You don’t need to solve everything in month one. But two things are worth thinking about early, honestly and without pressure. First, establish a relationship with a vet you trust — that first visit is the start of a lifelong partnership, and having someone to call with questions is invaluable. Second, puppyhood is statistically when unexpected costs (a swallowed sock, a stomach bug) tend to pop up, and pet insurance is generally cheapest and easiest to enroll when your puppy is young and has no pre-existing conditions. It’s worth a look while your pup is healthy — but it’s a personal financial choice, not a must, and only you can decide if it fits your budget.

Above all, give yourself grace. The accidents, the chewed shoe, the 3 a.m. wake-up — they pass quickly. Stay consistent, keep it positive, lean on your vet, and enjoy this once-in-a-lifetime stretch. Thirty days from now, you’ll be amazed at how far you both have come.

Sources

  • AAHA Canine Life Stage and Vaccination Guidelines — First-visit and vaccine timing.
  • AVSAB position on puppy socialization — Socialization window and disease-risk balance.
Try the tool Puppy & Kitten Vaccine Schedule A dated core-vaccine timeline from your pet’s birth date.

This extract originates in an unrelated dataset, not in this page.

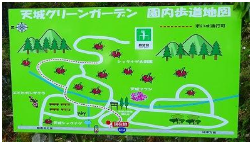
天城グリーンガーデン園内図

Frequently asked questions

What do I need for a new puppy?

The essentials: a crate and bed, complete puppy food and bowls, a collar with ID tag and a leash, an enzymatic cleaner for accidents, safe chew toys, and a first vet appointment. Puppy-proof your home before they arrive.

When should a new puppy see the vet?

Within the first few days of bringing them home. The vet will do a health exam, start or continue the vaccine series, check for parasites, and discuss microchipping, diet, and a deworming and prevention plan.

When can I start socializing my puppy?

Early — the key socialization window is roughly 3 to 14 weeks. Expose your puppy to new people, sounds, and surfaces in safe, controlled ways even before the vaccine series is complete, following your vet's guidance on disease risk.